Свеча и спички, похищенные из гостиной, позволили Элизабет дойти до кровати, не разбивая коленки о стулья. Однако ей пришлось не раз переставлять свечу, потому что та показывала ей комнату в таком виде, который не способствовал ее душевному спокойствию. При малейшем колебании пламени по всему потолку метались тени. Элизабет поставила свечу на секретер, но та освещала гипсовый бюст так, что казалось, будто обезображенное лицо улыбается; нет, это не годится; девушка поставила свечу на камин и заодно посмотрелась в зеркало, но на этот раз никакого удовольствия не испытала, ибо увидела лишь свое испуганное лицо, окруженное пляшущими тенями. Попробовала закрыть глаза и сразу же открыла их: оказалось страшней совсем ничего не видеть, нежели созерцать полутьму, в которой что-то двигалось между наклонившимся вперед шкафом и дверью в туалетную комнату, которую она сейчас не открыла бы ни за что на свете. При свете единственной свечи, отражавшемся на стенах как сполохи пожара, все принимало необычный вид. Брошенная на стул одежда казалась трупом с перерезанной глоткой. Не говоря уже о гипсовом бюсте — Элизабет предпочла раздеваться, повернувшись спиной к этому соглядатаю.

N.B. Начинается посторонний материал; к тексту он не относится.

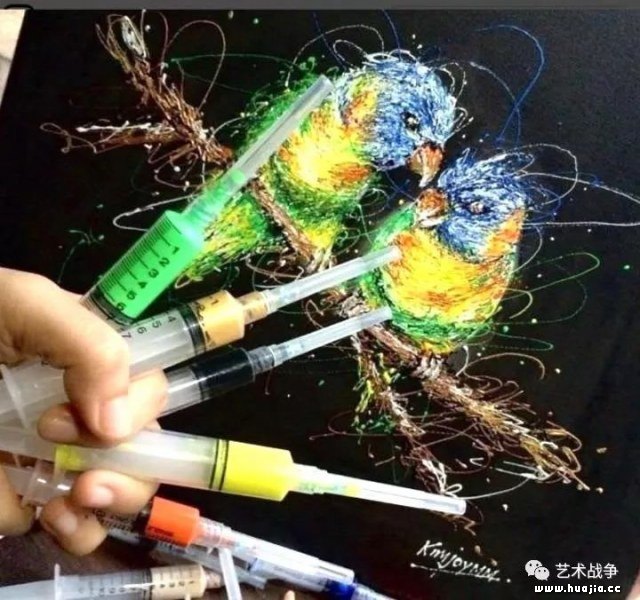 看看真正的注射器书法 邵岩原来并不是个江湖书法家,但邵岩用注射器写书法之后,就带有江湖书法家的表演套路,以及装神弄鬼的江湖书法家忽悠作派。 下面看看真正的江湖书法家的注射器写空心书法。 看看真正的注射器艺术 国外早就有用注射器来创作的手法。一个菲律宾的护士闲来无事,就用注射器替代画笔,以下是她的画作。

Оставался нерешенным вопрос о том, как погасить свечу. Стоя у кровати, ее не задуешь. Разумнее всего было бы подойти к камину, дунуть на зловещий язычок пламени и осторожно пробраться к постели, стараясь не натыкаться на стулья. Однако девушке казалось, что проделать такой путь в потемках ей не под силу.

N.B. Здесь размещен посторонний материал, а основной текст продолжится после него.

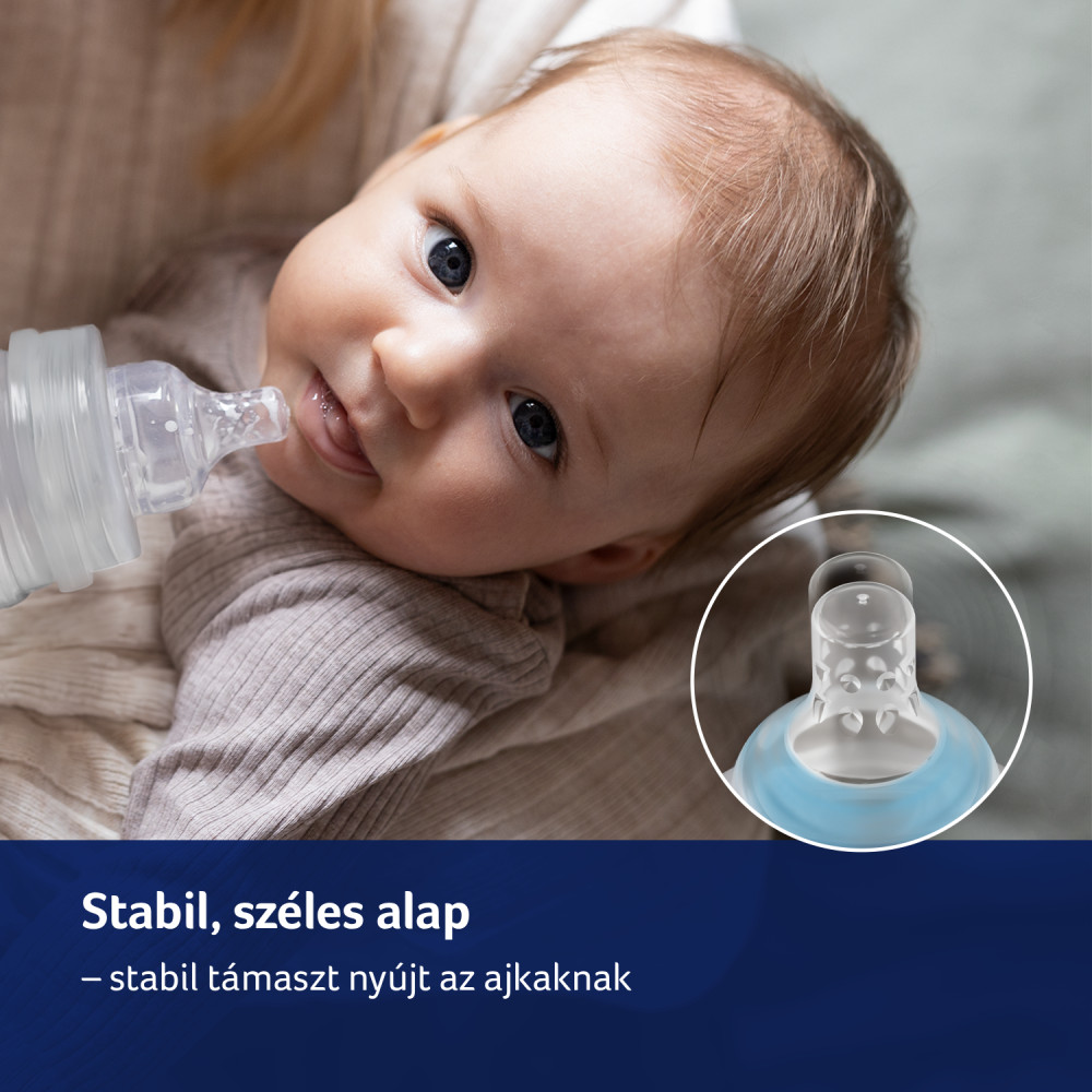 A vastagabb szilikonból készült stabil alap biztosítja az ajkak helyes elhelyezkedését az etetőcumin, és megakadályozza a cumi megrágását.

Поразмыслив, Элизабет решила открыть окно: пусть ветер сделает то, что для нее оказалось невыполнимым, если свеча погаснет — хорошо, если нет — тем хуже для нее, догорит и растечется по мрамору консоли. Такое странное решение показалось Элизабет верхом мудрости. Подбежав к окну, она повернула шпингалет, но массивные створки не подавались, от резких рывков стекла угрожающе дребезжали. Повернув голову, дабы не терять из виду дверь туалетной комнаты, вызывавшей у нее главные опасения, Элизабет снова потянула на себя створки окна, и на этот раз они вдруг открылись без всякого труда, так что она чуть не опрокинулась назад, — такова уж непостижимая для нас хитрость неодушевленных предметов. И вдруг Элизабет вскрикнула. Она увидела свое отражение в зеркале — белая рубашка до пят, бледное лицо, растрепанные волосы — и подумала, что это привидение. Тут же устыдилась и уже спокойней посмотрела на пламя свечи, которое ветер наклонял то в одну сторону, то в другую.

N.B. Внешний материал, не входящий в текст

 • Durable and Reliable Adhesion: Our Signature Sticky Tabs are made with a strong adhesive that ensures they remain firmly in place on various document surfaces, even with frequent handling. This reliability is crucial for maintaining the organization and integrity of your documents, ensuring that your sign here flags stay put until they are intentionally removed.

Прежде чем направиться к кровати, Элизабет из любопытства глянула в щель жалюзи. Ночь была черным-черна. Однако можно было разглядеть большое окно, из которого утром за ней кто-то подглядывал. Света в окне не было; закрытое высокими черными ставнями, оно казалось таинственным и зловещим, какими кажутся под покровом ночи самые безобидные предметы.
Через несколько минут девушка, забившись под одеяло, стала следить за причудливыми колебаниями свечи, но не успела подумать, не лучше ли полная темнота, чем красноватые отблески, плясавшие на стенах, как уснула.
Ей приснился странный сон. Будто среди ночи дверь ее комнаты тихонько открылась и вошел какой-то мужчина. Двигался он с бесконечными предосторожностями, точно вор; сделав шаг, останавливался, прислушивался и только потом переставлял другую ногу.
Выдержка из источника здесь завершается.